Now, as we all know "manufacturing" a live vaccine is less like actual manufacturing -- and more like high-end baking -- like making a giant soufflé: sometimes it rises; sometimes it doesn't. In short, it is complicated -- will it be light and fluffy (good!), or a heavy, pasty, pancake (not so good)? Who knows, until we take it out?
That said, unlike a June Intervet equine West Nile virus vaccine recall, what is going on in Scotland right now is more akin to a case of the soufflé refusing to rise:
. . . .supply issues are linked to production problems, which are ‘not uncommon’ when manufacturing live vaccines [such as the "live" toxoplasmosis vaccine of legacy Schering-Plough/Intervet]. . . .

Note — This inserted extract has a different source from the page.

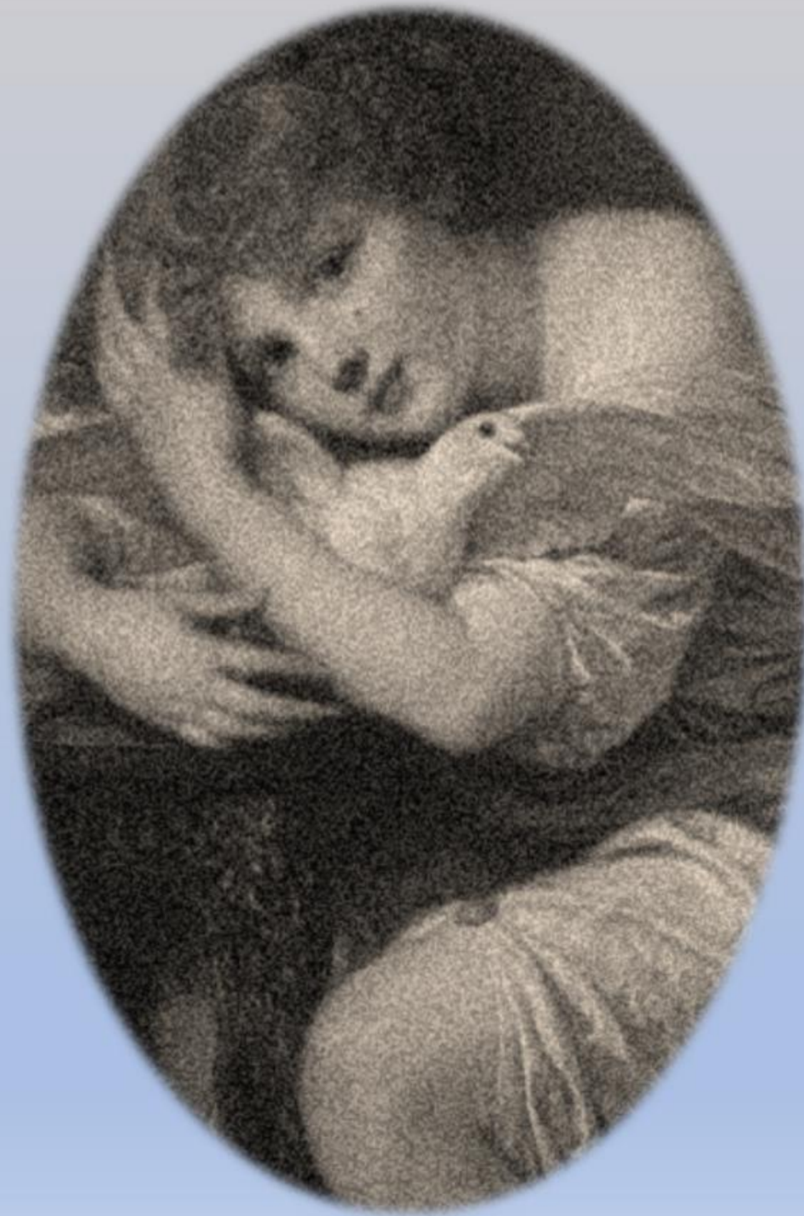
La Jeune Fille A'legneau

Still, when vaccine supply constraints exist, farmers must be careful not to begin a course of vaccinations, if they will be unable to complete the course due to stock-outages. The spectre of mutated, vaccine-resistant parasite evolution becomes a real possibility in these conditions. So while very small in terms of overall Merck revenue, this one bears watching -- and publicizing -- so as not to inadvertently create conditions ripe for mutated, vaccine-resistant farm to human parasite transmissions.
The parasite may be transmitted to humans (about one in ten in the U.S. are sero-positive for Toxoplasma) -- and that's why this matters to the general pharma readership, here. This is, at the moment, strictly a farmers' and vets' problem -- but worthy of monitoring. So I will. [Editor's Note: Thanks to the kind anonymous reader, commenting below, who allowed me to fix my errors, here.]
2 comments:
Toxo is not a virus, its a parasite (protozoan).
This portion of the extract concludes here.